[GIVEN MATERIAL]:
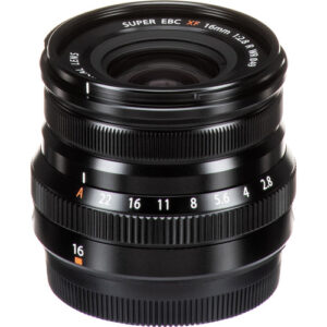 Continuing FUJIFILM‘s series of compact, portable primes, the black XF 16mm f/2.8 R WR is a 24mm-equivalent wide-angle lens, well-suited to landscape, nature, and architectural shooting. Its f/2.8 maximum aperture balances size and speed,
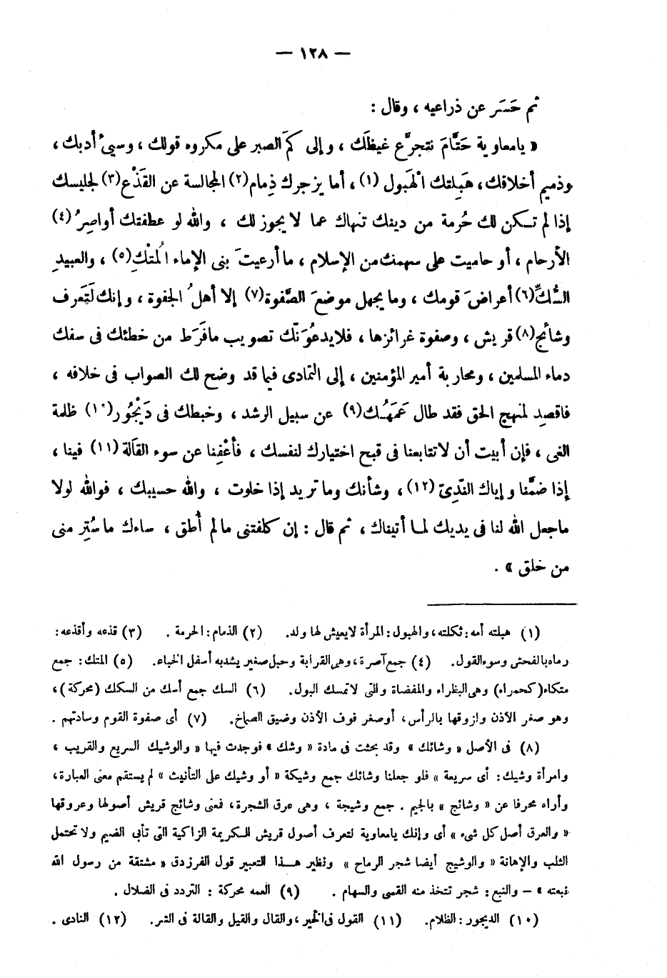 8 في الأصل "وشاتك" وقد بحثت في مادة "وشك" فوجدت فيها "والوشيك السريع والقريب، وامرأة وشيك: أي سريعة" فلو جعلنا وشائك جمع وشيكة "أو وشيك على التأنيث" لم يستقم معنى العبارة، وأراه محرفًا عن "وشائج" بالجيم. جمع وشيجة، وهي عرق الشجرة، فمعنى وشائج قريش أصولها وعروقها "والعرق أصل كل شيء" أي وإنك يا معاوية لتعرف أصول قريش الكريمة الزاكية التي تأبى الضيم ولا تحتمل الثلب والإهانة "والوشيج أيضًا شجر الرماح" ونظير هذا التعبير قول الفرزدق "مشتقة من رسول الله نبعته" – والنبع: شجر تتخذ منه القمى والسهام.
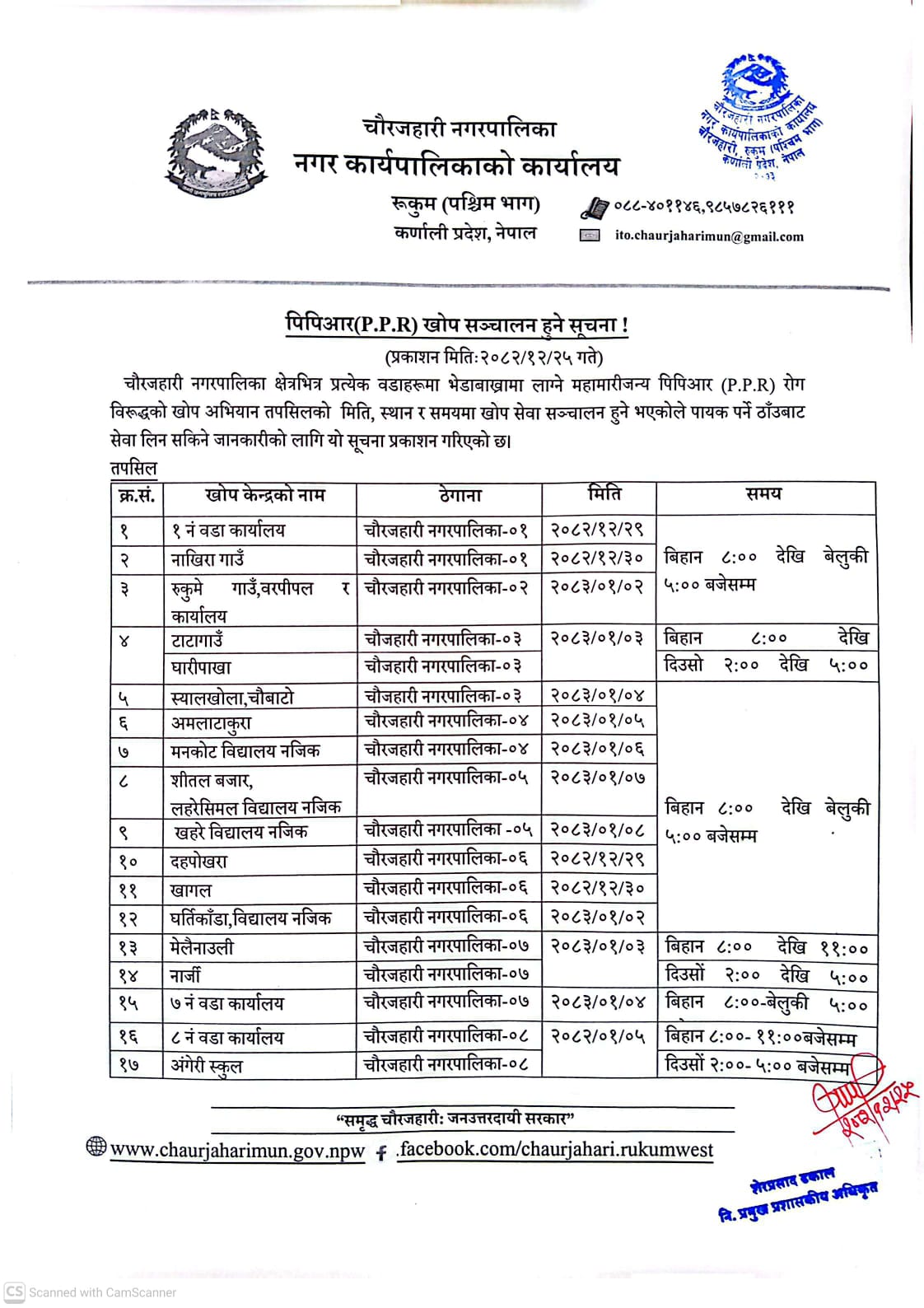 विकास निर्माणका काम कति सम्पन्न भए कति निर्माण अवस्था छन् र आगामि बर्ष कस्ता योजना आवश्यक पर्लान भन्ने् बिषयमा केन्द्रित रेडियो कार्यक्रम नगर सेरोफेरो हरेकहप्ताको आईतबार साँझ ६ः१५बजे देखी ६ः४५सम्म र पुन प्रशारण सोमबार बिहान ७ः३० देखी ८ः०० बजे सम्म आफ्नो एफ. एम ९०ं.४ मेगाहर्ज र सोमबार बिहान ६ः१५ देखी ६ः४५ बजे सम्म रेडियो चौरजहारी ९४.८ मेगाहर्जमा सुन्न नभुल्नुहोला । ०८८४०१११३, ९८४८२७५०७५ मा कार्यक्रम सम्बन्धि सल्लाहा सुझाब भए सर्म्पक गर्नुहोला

[AIM OF THE EXERCISE]:
Give back the full listing word for word, with the pictures left out.

[RESPONSE TO THIS EXERCISE]:
 Continuing FUJIFILM‘s series of compact, portable primes, the black XF 16mm f/2.8 R WR is a 24mm-equivalent wide-angle lens, well-suited to landscape, nature, and architectural shooting. Its f/2.8 maximum aperture balances size and speed,
 8 في الأصل "وشاتك" وقد بحثت في مادة "وشك" فوجدت فيها "والوشيك السريع والقريب، وامرأة وشيك: أي سريعة" فلو جعلنا وشائك جمع وشيكة "أو وشيك على التأنيث" لم يستقم معنى العبارة، وأراه محرفًا عن "وشائج" بالجيم. جمع وشيجة، وهي عرق الشجرة، فمعنى وشائج قريش أصولها وعروقها "والعرق أصل كل شيء" أي وإنك يا معاوية لتعرف أصول قريش الكريمة الزاكية التي تأبى الضيم ولا تحتمل الثلب والإهانة "والوشيج أيضًا شجر الرماح" ونظير هذا التعبير قول الفرزدق "مشتقة من رسول الله نبعته" – والنبع: شجر تتخذ منه القمى والسهام.
 विकास निर्माणका काम कति सम्पन्न भए कति निर्माण अवस्था छन् र आगामि बर्ष कस्ता योजना आवश्यक पर्लान भन्ने् बिषयमा केन्द्रित रेडियो कार्यक्रम नगर सेरोफेरो हरेकहप्ताको आईतबार साँझ ६ः१५बजे देखी ६ः४५सम्म र पुन प्रशारण सोमबार बिहान ७ः३० देखी ८ः०० बजे सम्म आफ्नो एफ. एम ९०ं.४ मेगाहर्ज र सोमबार बिहान ६ः१५ देखी ६ः४५ बजे सम्म रेडियो चौरजहारी ९४.८ मेगाहर्जमा सुन्न नभुल्नुहोला । ०८८४०१११३, ९८४८२७५०७५ मा कार्यक्रम सम्बन्धि सल्लाहा सुझाब भए सर्म्पक गर्नुहोला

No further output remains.